I don't actually know a strict definition. From a distance I'd say those that are a little melodramatic in everything they do. Definitely high school age.


----------



## Neptunus (Oct 29, 2007)

^ Oh phew, then I don't feel so bad! I was under the impression they were similar to Goths, except more into music. :con 

And those other terms, never heard of 'em! Well, I've heard of JAP, as in a slur used for the Japanese from WWII (heh, I'm not that old), or to refer to females of the Jewish faith. But I don't think that's what you mean (at least I hope not!)


----------



## SOME (Jul 13, 2009)

I don't know. Maybe it's because its in teen magazine?


----------



## seafolly (Jun 17, 2010)

Neptunus said:


> ^ Oh phew, then I don't feel so bad! I was under the impression they were similar to Goths, except more into music. :con
> 
> And those other terms, never heard of 'em! Well, I've heard of JAP, as in a slur used for the Japanese from WWII (heh, I'm not that old), or to refer to females of the Jewish faith. But I don't think that's what you mean (at least I hope not!)


Oh gosh, no not the racial slur. I cringed too when I first heard it wanting to wash my sister's mouth out. :b She says it stands for "Japanese American Princess" which makes zero sense because she smacks the label on people who are not Japanese.
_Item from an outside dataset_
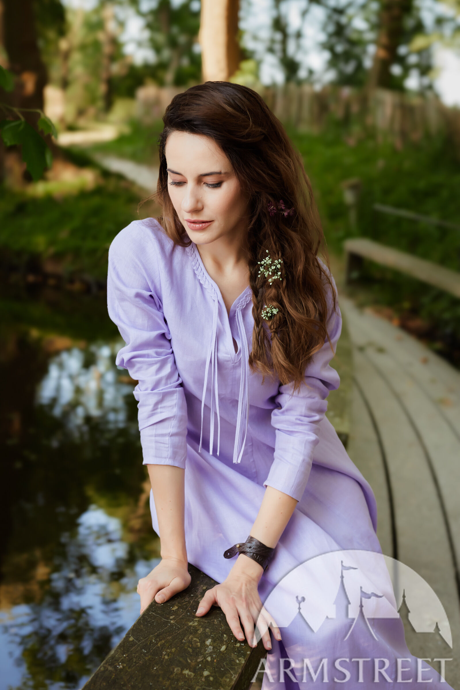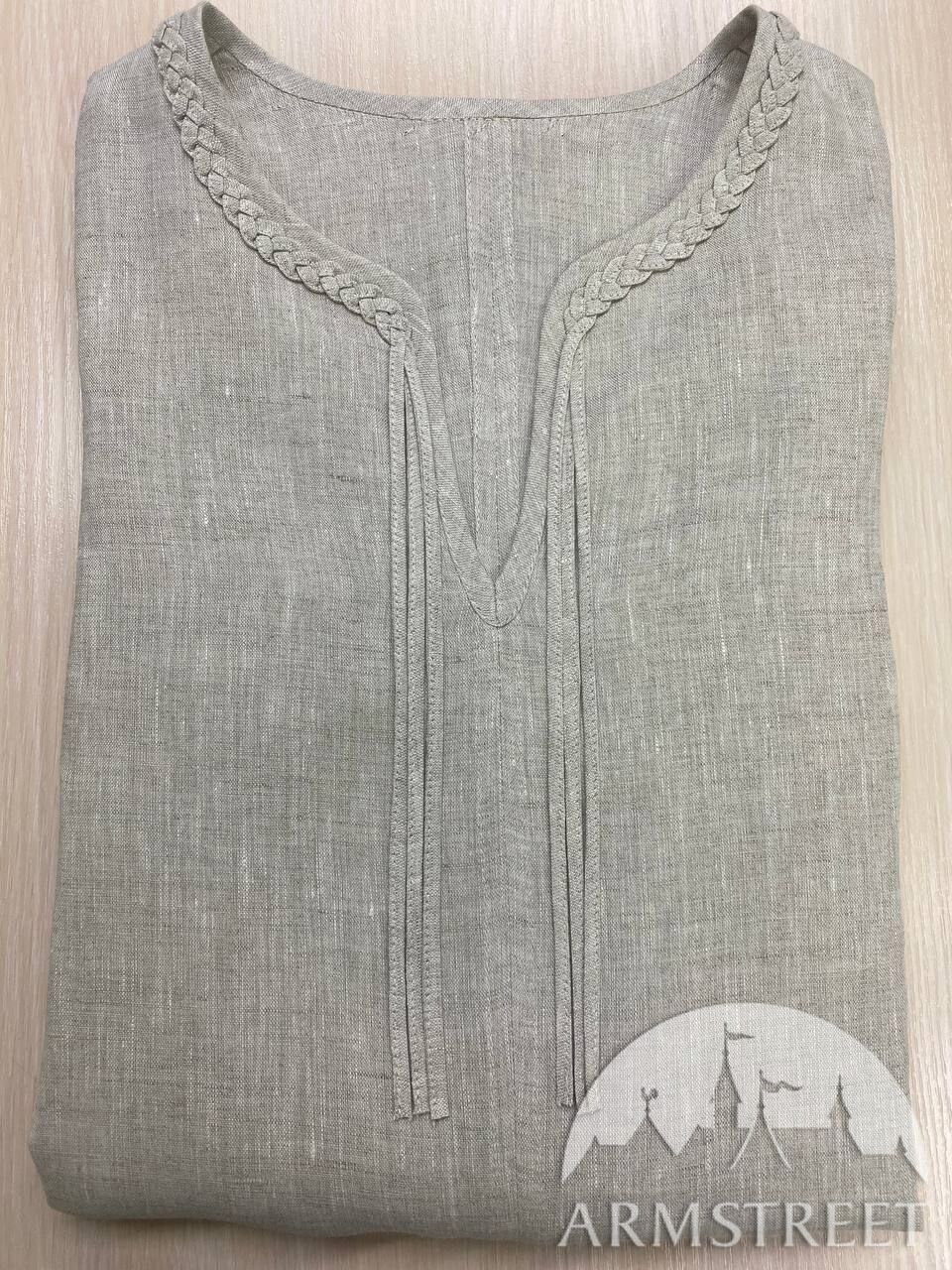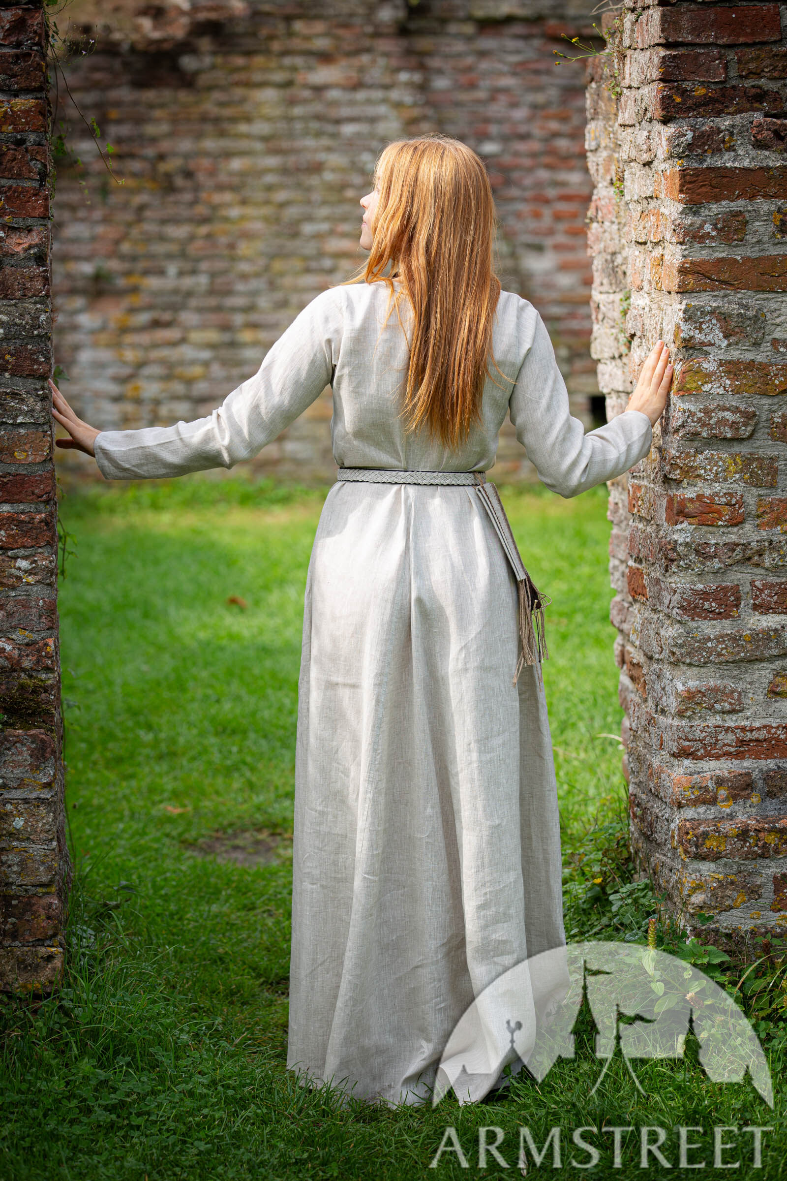 Unsere Kollektion „Mittelalter Familie“ entstand aus dem Verständnis der Nachfrage nach allgemeiner frühmittelalterlicher Kleidung. Mit Fokus auf Schlichtheit und erstklassiger Qualität haben wir ein einfaches Hemd entworfen und es mit den hübschen Zöpfen entlang des Ausschnitts verfeinert. Diese verwobenen Akzente bestehen aus feinen Flachsleinenstreifen. Das Unterkleid ist ein unglaublich vielseitiges Stück mit viel Raum für Personalisierung und Lagenkombinationen, um einen einzigartigen Look zu kreieren.

But did I really expect a slang word to make sense?

Yes I think music (punk?) comes into play. Actually I kind of have a theory about the original question. Boys who dress/behave like that are straying from the stereotypical "manly" look and I wonder if maybe young girls see that as less threatening and more appealing. Kind of like why male celebrities with young faces (aka Orlando Bloom) get targeted for crushes. Just musing.


----------



## Neptunus (Oct 29, 2007)

seafolly said:


> Oh gosh, no not the racial slur. I cringed too when I first heard it wanting to wash my sister's mouth out. :b She says it stands for "Japanese American Princess" which makes zero sense because she smacks the label on people who are not Japanese. But did I really expect a slang word to make sense?


Interesting... I wonder how that became popular? Yeah, the other version, as you probably guessed, is "Jewish American Princess" (sorry, don't mean to offend anyone.)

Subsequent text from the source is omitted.